I know a lot of people are doing a lot of different fundraising things, but I ask you to send a dollar or two my way. My goal is steep - and if I meet it I'm going to go even higher. Lauren Hill has inspired me to raise as much as I can for lung cancer research. If you don't know of her story, click here. She has raised over one million dollars toward cancer research. If we're being honest, I want to do the same. If you know someone with deep pockets, send them to my donation page!

Honestly, though...I'd be happier if a lot of people donated a little - instead of one or two people donating a lot, but I'll take it all.


I had a weird dream last night. I blame pain medication.

I was abducted. I don't know if it was by humans or aliens, but they appeared to be human. They took me to a place that seemed to be some hippy-dippy "New Age" healing center. They gave me radiation therapy with gemstones that were unavailable to anyone else. I was told I could choose one person to give the knowledge to, and enough gemstones to start the process of developing more stones.

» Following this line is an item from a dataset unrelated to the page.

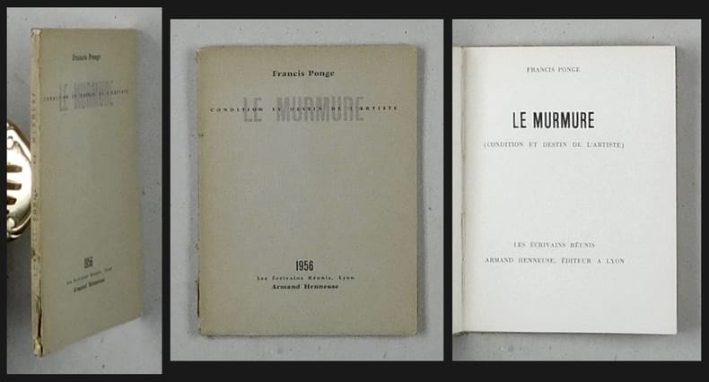 Edition originale. - Exemplaire sur papier courant (après 20 expl. num. sur Johannot). - Dans ce texte, le fond et la forme se confondent: le texte n'est pas seulement une description du murmure, mais aussi un exemple de celui-ci. Petit défaut au dos.
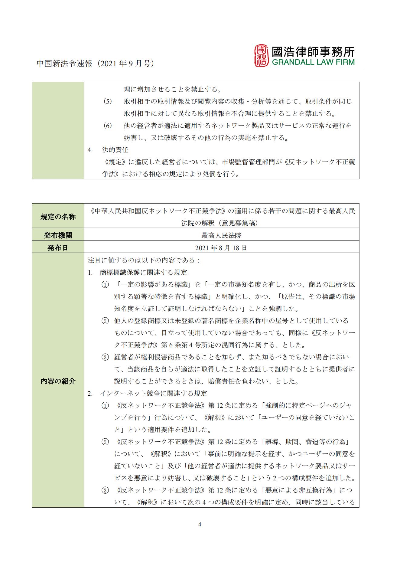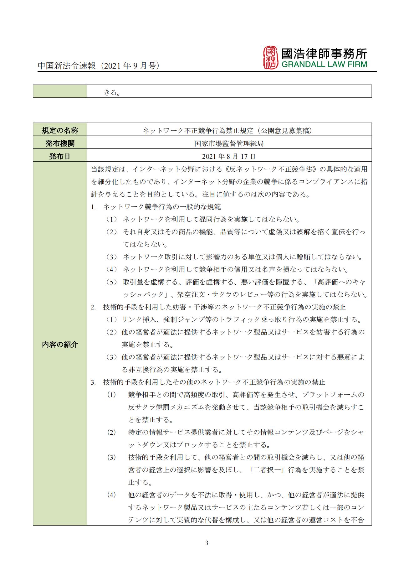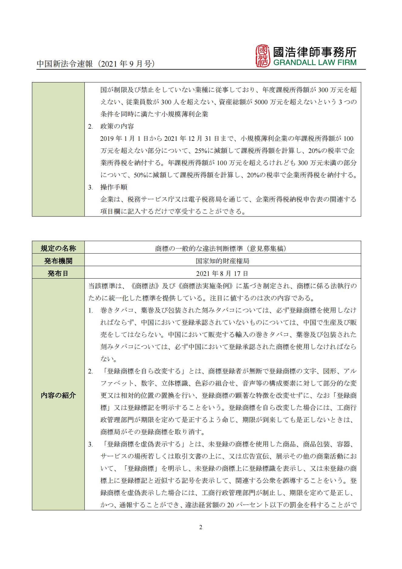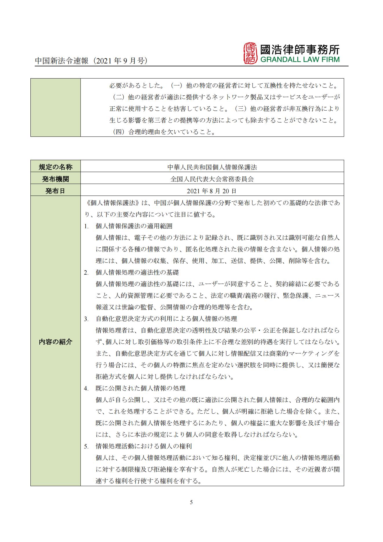 中國新法令速報(2021年9月號)

I chose my oncologist. When I returned home (I got the feeling I never left Earth but who knows - this was a dream after all) I was scanned and was cancer free. Cool, huh?

Anyway, I did a bad, bad thing yesterday. I didn't take my chemotherapy meds. Intentionally.

Why? I really didn't want to throw up this morning. The nausea medicine I was given to take in place of Zofran at night before Zykadia actually does work, about 75% of the time. The other 25% I'm very sick for 10-45 minutes. I take medicine to help me stop throwing up, and then I fall asleep. I'm not entirely sure, but I think I slept most of the day yesterday.

Yes, I'll take them tonight and again the next night and so on. But honestly, it's starting to affect my job a little bit. If it's working, I will pick this treatment over my schedule - barfing or no barfing.

I'm a little afraid to be weighed again. I feel like I at least get one good meal in a day - with some snacking here and there... But sometimes I don't. Lots of times, it's completely my fault. I have frozen fruit in my freezer. I could make smoothies. My goal is to work on that.